The following specific embodiments are used to illustrate the disclosure content of the present invention. After reading the disclosure content of this specification, those with ordinary knowledge in the technical field can easily understand its advantages and effects.

It should be noted that the structure, ratio, size, etc. shown in the drawings of this specification are only in accordance with the contents disclosed in the specification, so that those with ordinary knowledge in the technical field can understand and read, and are not intended to limit the present invention to Under certain conditions, it has no technical significance. Any modification of structure, change of proportional relationship, or adjustment of size shall be included in the scope disclosed in this manual without affecting the functions and objectives that can be achieved in this manual. Without substantial changes to the technical content, changes or adjustments in their relative relationships should also be considered within the scope of the invention. At the same time, the terms such as "upper", "first", "second", "one" and "two" cited in this specification are only for the convenience of description, not for limiting the present invention. The scope of implementation, changes or adjustments in their relative relationship, without substantial changes in the technical content, shall also be regarded as the scope of the invention.

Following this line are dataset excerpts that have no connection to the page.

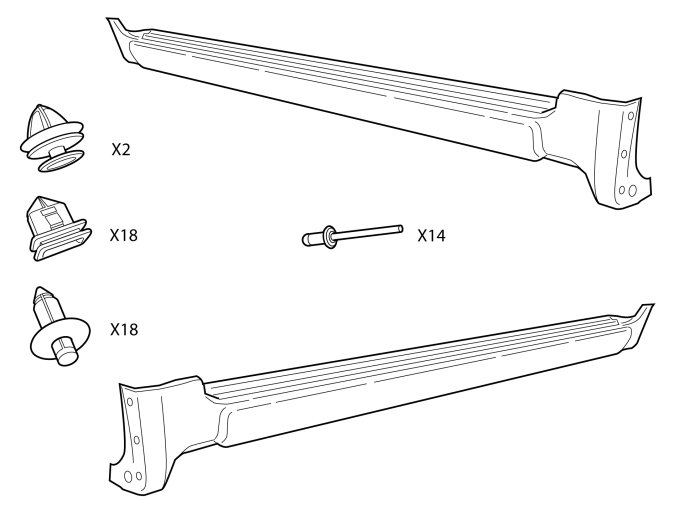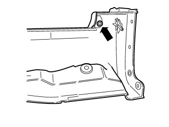 - Press the panel with the rubber strip along the body side. Ensure that all clips engage and that the rubber strip is correctly positioned.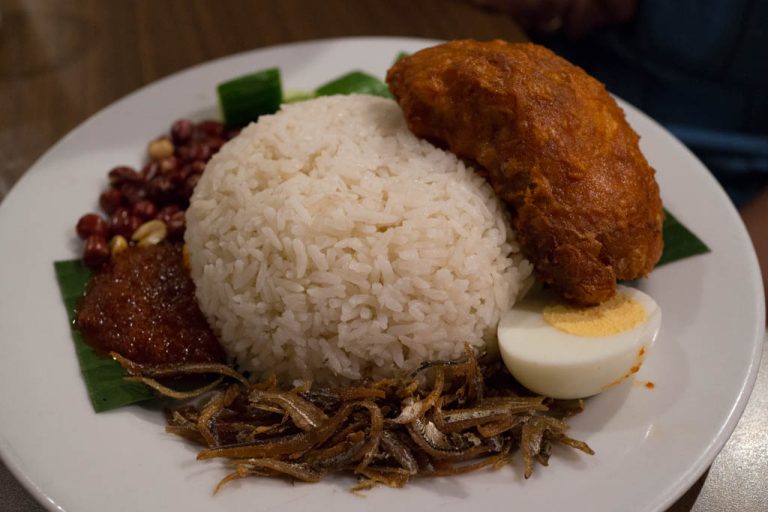 Coconut rice, sambal, peanuts, crispy little fish, cucumber, hard boiled egg, fried chicken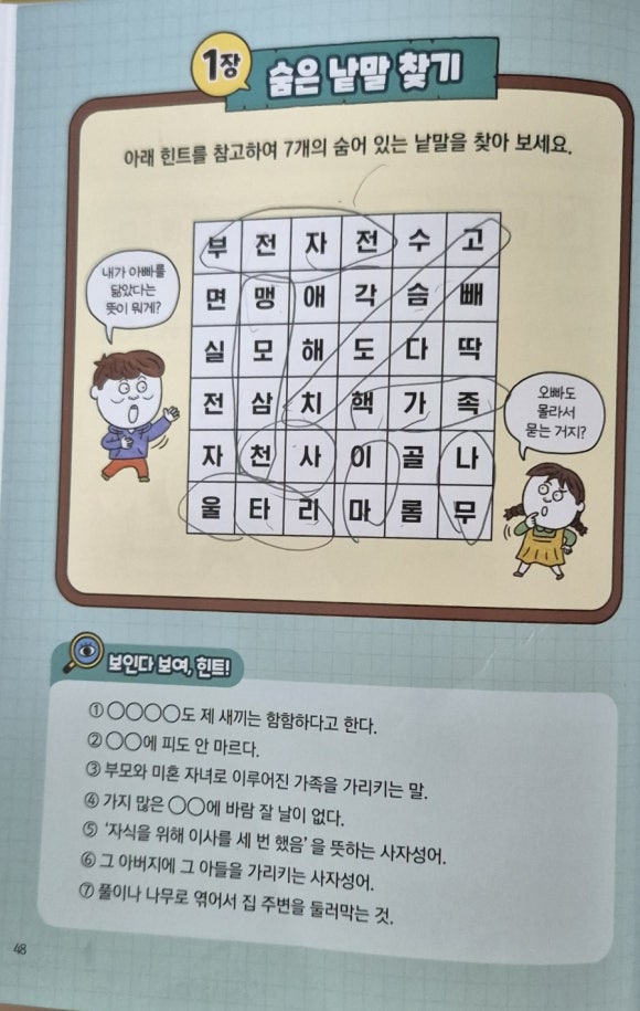 예를 들어, 만화에서 나온 힌트를 통해 퀴즈를 풀면서 자연스럽게 어휘를 익힐 수 있어요. 또, 책의 마지막 부분에는 가로세로 퍼즐과 낱말 찾기 문제도 있어서 단어의 의미를 이해하고 기억하는 데 도움을 주어서 학습 효과도 좋아요.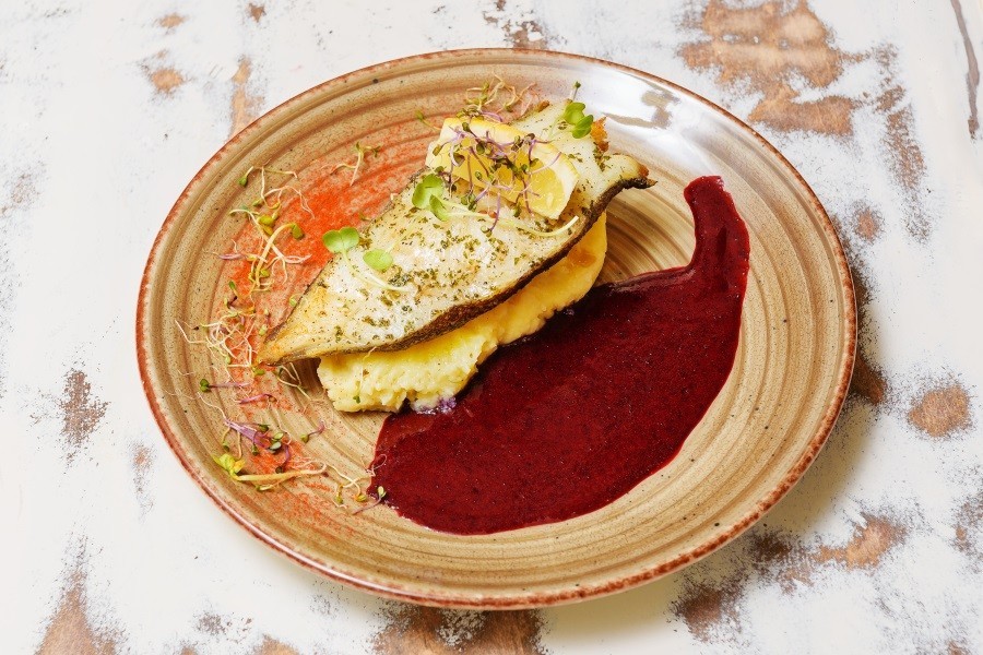 Но закусками в ресторане лучше не ограничиваться (хотя и к ним в ресторане относятся с особым пиететом). Меню изобилует всевозможной русской классикой, по которой многие успели соскучиться среди обилия итальянской пасты, пиццы и японских роллов. Есть кавардак с пряной балтийской килькой и перепелиным яйцом, свиные пятаки, нежнейшее заливное из судака, которое так вкусно перемешивать с приправой из хрена, строганина из пеламиды или мраморной говядины, рыбная уха, томлёные щи для сторонников традиционных гастрономических ценностей, а также жареный палтус с соусом из черники для тех, кто готов отважиться на небольшие кулинарные эксперименты.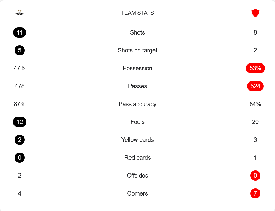 แม้โรเซนบอร์กจะครองบอลน้อยกว่าด้วยสัดส่วนเพียง 47% แต่ความเฉียบคมในพื้นที่สุดท้ายทำให้พวกเขาเปลี่ยนโอกาสเป็นประตูได้ดีกว่า โดยมีโอกาสยิงทั้งหมด 11 ครั้ง เข้ากรอบ 5 ครั้ง ส่วนทรอมโซ่มีโอกาสเพียง 8 ครั้ง และยิงเข้ากรอบ 2 หน นอกจากนี้ โรเซนบอร์กยังจ่ายบอลแม่นยำถึง 87% จากทั้งหมด 478 ครั้ง ส่วนทรอมโซ่แม้จะครองบอลมากกว่าแต่จ่ายบอลแม่นยำเพียง 84% จาก 524 ครั้ง พวกเขายังทำฟาวล์มากถึง 20 ครั้ง และเสียถึง 3 ใบเหลือง 1 ใบแดง ขณะที่เจ้าถิ่นเสียแค่ 2 ใบเหลือง ไม่มีใบแดง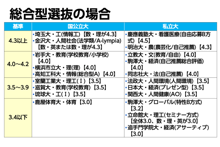 - スポーツや文化活動、課外活動などの実績が評価されるのが特徴。評定平均値に基準があることは少なくなっています。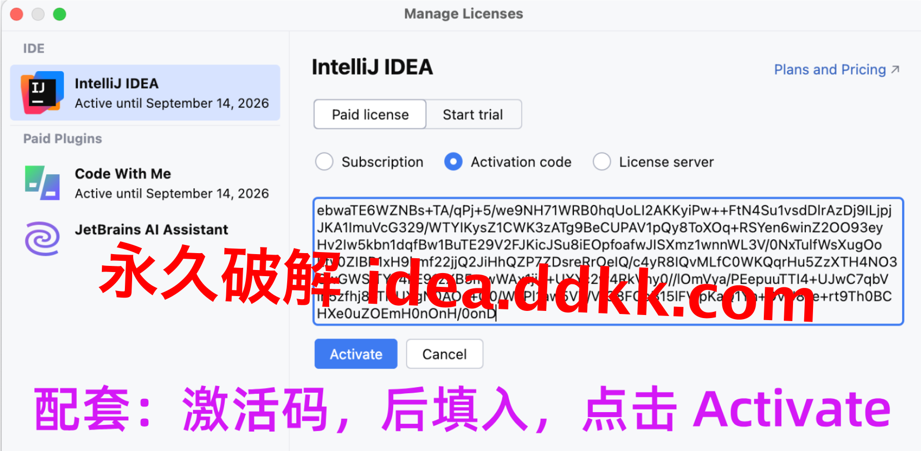 填之前说一句:JetBrains家的产品,每个对应的激活码都不一样,IDEA有IDEA的码,PyCharm有PyCharm的码,别搞混了。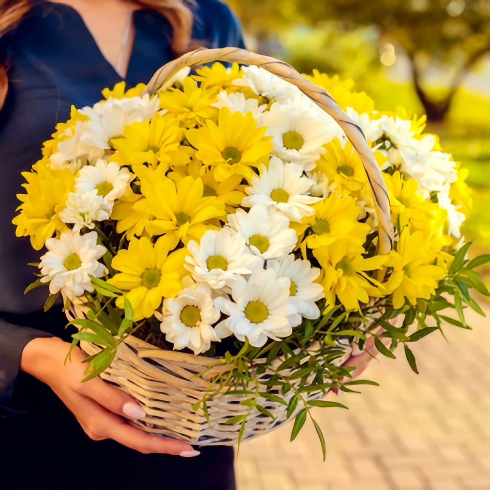 Корзина с цветами «Ромашки стандартный» из хризантем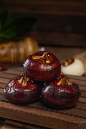 Local Indonesian fruits names Jambu Air or Red Water Guava ,placed on brown wooden background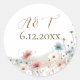 Pegatina Redonda Una elegante acuarela Flora Silvestres Boda Fecha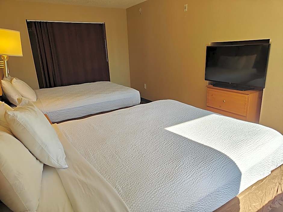 2 Queen Beds Mobility Accessible Room Studio Non-Smoking is 54 square feet and includes 2 queen-size beds 150-154 width plus satellite tv , hairdryer, and tea and coffee making facilities .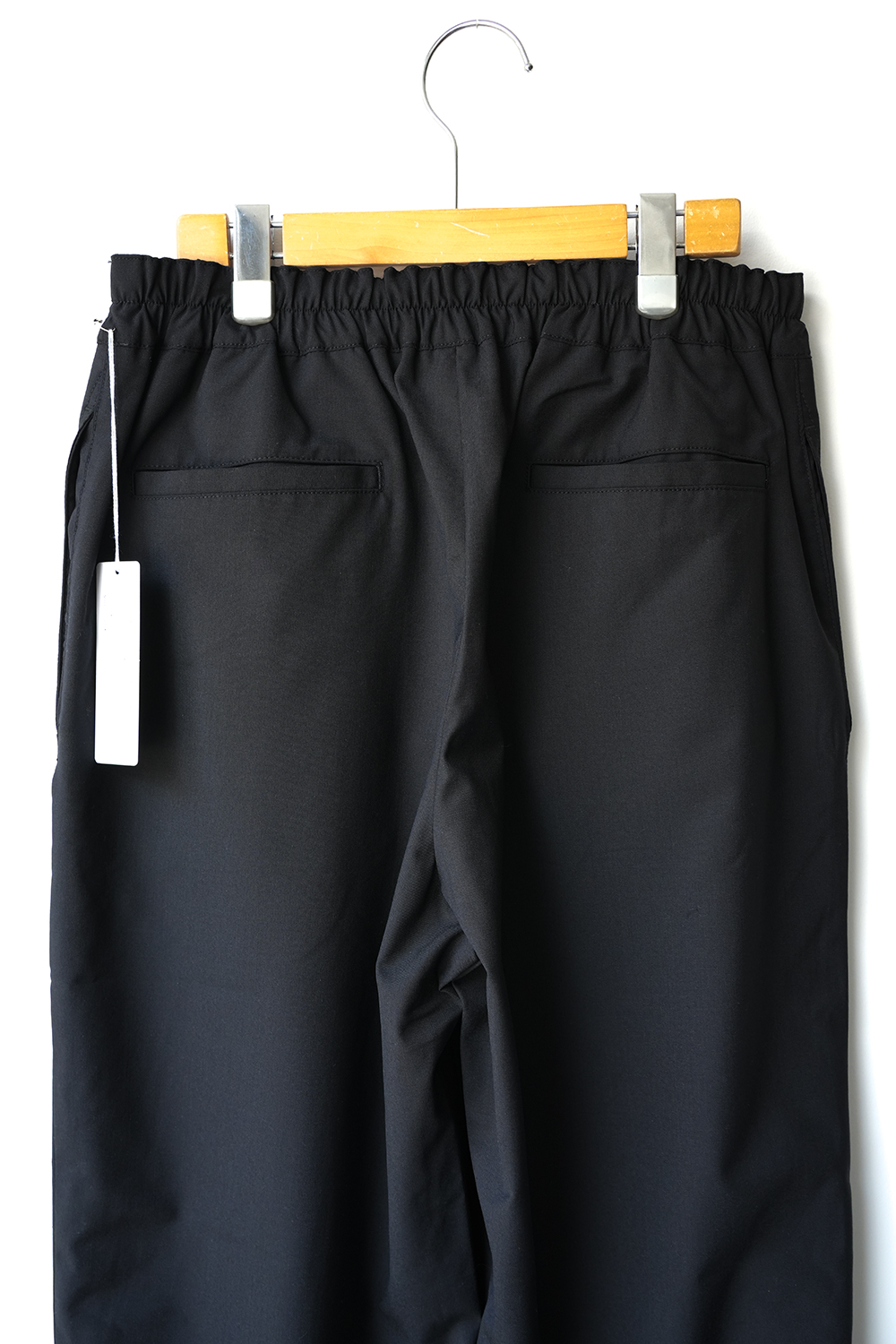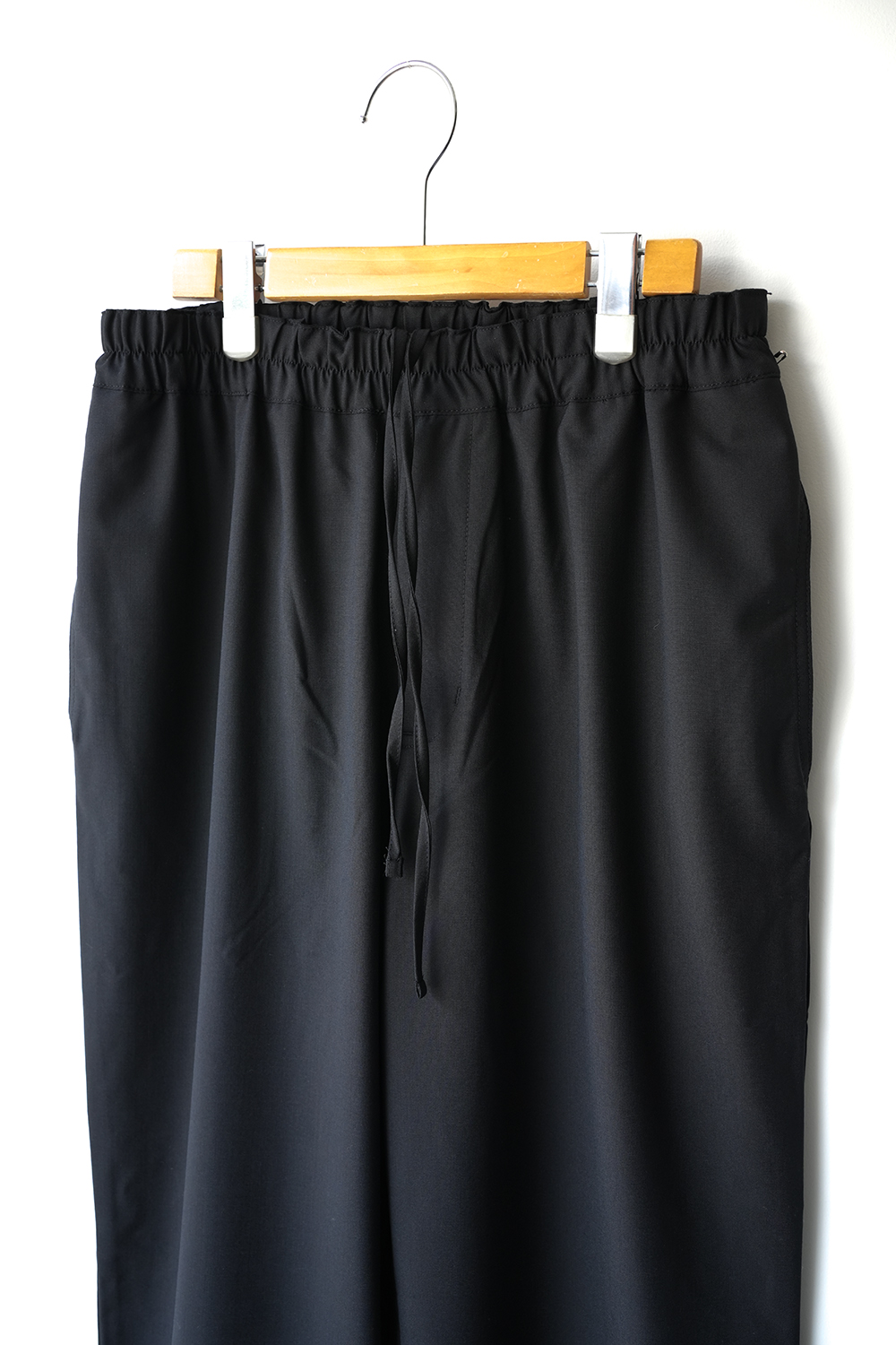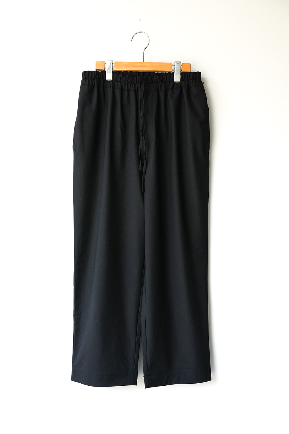 ポリエステルとウールの混紡で綺麗な印象のウィスとイージー仕様のワイドパンツ。ナチュラルストレッチ、なめらかで涼しいはき心地、家庭で洗えシワにならない万能パンツです。

The high-strength LCP substrate of the present invention, as shown in FIGS. 1 and 2, includes at least one copper foil layer 100, at least one low dielectric layer 200 and an LCP layer 300, the low dielectric layer 200 is located The copper foil layer 100 and the LCP layer 300 are bonded between the copper foil layer 100 and the LCP layer 300.

In a specific embodiment, the thickness of each copper foil layer is 1 to 35 μm; the thickness of each low dielectric layer is 1 to 7 μm; the thickness of the LCP layer is 12 to 75 μm . Preferably, the thickness of each copper foil layer is 9 to 18 μm; the thickness of each low dielectric adhesive layer is 2 to 3 μm.

In a specific embodiment, the ceramic powder is at least one selected from the group consisting of BaTiO ₃ , SrTiO ₃ , Ba(Sr)TiO ₃ , PbTiO ₃ , CaTiO ₃ and Mg ₂ TiO ₄ . The ceramic powder may be doped with one or more metal ions, or may not be doped.

In a specific embodiment, the copper foil layer is a rolled copper foil layer or an electrolytic copper foil layer.

In a specific embodiment, the bonding strength between the low-dielectric adhesive layer and the copper foil layer is> 1.0 kgf/cm.

The LCP substrate in FIG. 1 is an LCP single-sided copper foil substrate. The LCP single-sided copper foil substrate is composed of a copper foil layer 100, a low-dielectric adhesive layer 200, and an LCP layer 300, in order from top to bottom. It is the copper foil layer 100, the low dielectric adhesive layer 200 and the LCP layer 300; the thickness of the LCP single-sided copper foil substrate is 14 to 117 μm.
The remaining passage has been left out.